**ASSIGNED TASK**
Word for word, reproduce every line of the data below.

**SUPPLIED RECORDS**
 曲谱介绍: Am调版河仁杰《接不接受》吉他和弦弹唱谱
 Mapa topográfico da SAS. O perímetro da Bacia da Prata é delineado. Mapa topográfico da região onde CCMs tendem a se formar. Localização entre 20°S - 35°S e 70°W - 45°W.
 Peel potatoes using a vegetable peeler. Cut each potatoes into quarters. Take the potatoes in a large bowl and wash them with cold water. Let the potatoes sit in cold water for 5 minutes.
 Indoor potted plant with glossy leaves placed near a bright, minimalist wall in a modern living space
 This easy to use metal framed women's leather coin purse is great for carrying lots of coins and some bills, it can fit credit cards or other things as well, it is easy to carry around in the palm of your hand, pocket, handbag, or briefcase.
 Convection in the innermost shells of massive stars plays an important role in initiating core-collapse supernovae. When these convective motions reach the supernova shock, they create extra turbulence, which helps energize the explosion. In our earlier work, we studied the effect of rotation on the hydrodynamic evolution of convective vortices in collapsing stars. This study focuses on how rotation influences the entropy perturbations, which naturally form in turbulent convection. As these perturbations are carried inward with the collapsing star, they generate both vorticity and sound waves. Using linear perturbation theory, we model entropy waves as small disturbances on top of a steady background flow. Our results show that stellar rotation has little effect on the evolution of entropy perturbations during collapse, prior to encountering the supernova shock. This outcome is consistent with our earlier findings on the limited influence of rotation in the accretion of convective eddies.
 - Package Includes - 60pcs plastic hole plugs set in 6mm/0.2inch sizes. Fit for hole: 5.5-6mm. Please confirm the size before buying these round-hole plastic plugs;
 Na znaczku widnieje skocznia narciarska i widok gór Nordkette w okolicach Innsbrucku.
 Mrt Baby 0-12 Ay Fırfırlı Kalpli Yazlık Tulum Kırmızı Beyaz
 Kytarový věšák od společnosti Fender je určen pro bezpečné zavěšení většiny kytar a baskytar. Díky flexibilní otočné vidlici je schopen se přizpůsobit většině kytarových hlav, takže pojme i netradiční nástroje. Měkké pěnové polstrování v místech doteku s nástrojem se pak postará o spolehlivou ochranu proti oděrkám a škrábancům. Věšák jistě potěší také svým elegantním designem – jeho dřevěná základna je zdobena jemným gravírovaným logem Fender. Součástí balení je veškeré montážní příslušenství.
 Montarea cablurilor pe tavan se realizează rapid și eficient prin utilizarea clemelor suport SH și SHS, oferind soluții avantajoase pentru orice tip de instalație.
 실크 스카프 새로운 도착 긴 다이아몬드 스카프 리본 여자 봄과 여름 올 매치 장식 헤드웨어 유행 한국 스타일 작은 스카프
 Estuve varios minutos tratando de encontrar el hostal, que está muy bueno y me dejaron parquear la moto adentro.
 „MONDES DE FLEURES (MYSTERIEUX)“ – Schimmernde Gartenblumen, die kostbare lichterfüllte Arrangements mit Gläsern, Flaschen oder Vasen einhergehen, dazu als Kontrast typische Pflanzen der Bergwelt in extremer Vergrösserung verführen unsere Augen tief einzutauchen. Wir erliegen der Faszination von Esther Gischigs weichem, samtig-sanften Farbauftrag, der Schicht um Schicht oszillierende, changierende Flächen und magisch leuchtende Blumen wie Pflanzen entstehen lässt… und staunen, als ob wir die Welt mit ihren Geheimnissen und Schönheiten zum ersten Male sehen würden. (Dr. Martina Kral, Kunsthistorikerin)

**RESULT FOR THIS TASK**
 曲谱介绍: Am调版河仁杰《接不接受》吉他和弦弹唱谱
 Mapa topográfico da SAS. O perímetro da Bacia da Prata é delineado. Mapa topográfico da região onde CCMs tendem a se formar. Localização entre 20°S - 35°S e 70°W - 45°W.
 Peel potatoes using a vegetable peeler. Cut each potatoes into quarters. Take the potatoes in a large bowl and wash them with cold water. Let the potatoes sit in cold water for 5 minutes.
 Indoor potted plant with glossy leaves placed near a bright, minimalist wall in a modern living space
 This easy to use metal framed women's leather coin purse is great for carrying lots of coins and some bills, it can fit credit cards or other things as well, it is easy to carry around in the palm of your hand, pocket, handbag, or briefcase.
 Convection in the innermost shells of massive stars plays an important role in initiating core-collapse supernovae. When these convective motions reach the supernova shock, they create extra turbulence, which helps energize the explosion. In our earlier work, we studied the effect of rotation on the hydrodynamic evolution of convective vortices in collapsing stars. This study focuses on how rotation influences the entropy perturbations, which naturally form in turbulent convection. As these perturbations are carried inward with the collapsing star, they generate both vorticity and sound waves. Using linear perturbation theory, we model entropy waves as small disturbances on top of a steady background flow. Our results show that stellar rotation has little effect on the evolution of entropy perturbations during collapse, prior to encountering the supernova shock. This outcome is consistent with our earlier findings on the limited influence of rotation in the accretion of convective eddies.
 - Package Includes - 60pcs plastic hole plugs set in 6mm/0.2inch sizes. Fit for hole: 5.5-6mm. Please confirm the size before buying these round-hole plastic plugs;
 Na znaczku widnieje skocznia narciarska i widok gór Nordkette w okolicach Innsbrucku.
 Mrt Baby 0-12 Ay Fırfırlı Kalpli Yazlık Tulum Kırmızı Beyaz
 Kytarový věšák od společnosti Fender je určen pro bezpečné zavěšení většiny kytar a baskytar. Díky flexibilní otočné vidlici je schopen se přizpůsobit většině kytarových hlav, takže pojme i netradiční nástroje. Měkké pěnové polstrování v místech doteku s nástrojem se pak postará o spolehlivou ochranu proti oděrkám a škrábancům. Věšák jistě potěší také svým elegantním designem – jeho dřevěná základna je zdobena jemným gravírovaným logem Fender. Součástí balení je veškeré montážní příslušenství.
 Montarea cablurilor pe tavan se realizează rapid și eficient prin utilizarea clemelor suport SH și SHS, oferind soluții avantajoase pentru orice tip de instalație.
 실크 스카프 새로운 도착 긴 다이아몬드 스카프 리본 여자 봄과 여름 올 매치 장식 헤드웨어 유행 한국 스타일 작은 스카프
 Estuve varios minutos tratando de encontrar el hostal, que está muy bueno y me dejaron parquear la moto adentro.
 „MONDES DE FLEURES (MYSTERIEUX)“ – Schimmernde Gartenblumen, die kostbare lichterfüllte Arrangements mit Gläsern, Flaschen oder Vasen einhergehen, dazu als Kontrast typische Pflanzen der Bergwelt in extremer Vergrösserung verführen unsere Augen tief einzutauchen. Wir erliegen der Faszination von Esther Gischigs weichem, samtig-sanften Farbauftrag, der Schicht um Schicht oszillierende, changierende Flächen und magisch leuchtende Blumen wie Pflanzen entstehen lässt… und staunen, als ob wir die Welt mit ihren Geheimnissen und Schönheiten zum ersten Male sehen würden. (Dr. Martina Kral, Kunsthistorikerin)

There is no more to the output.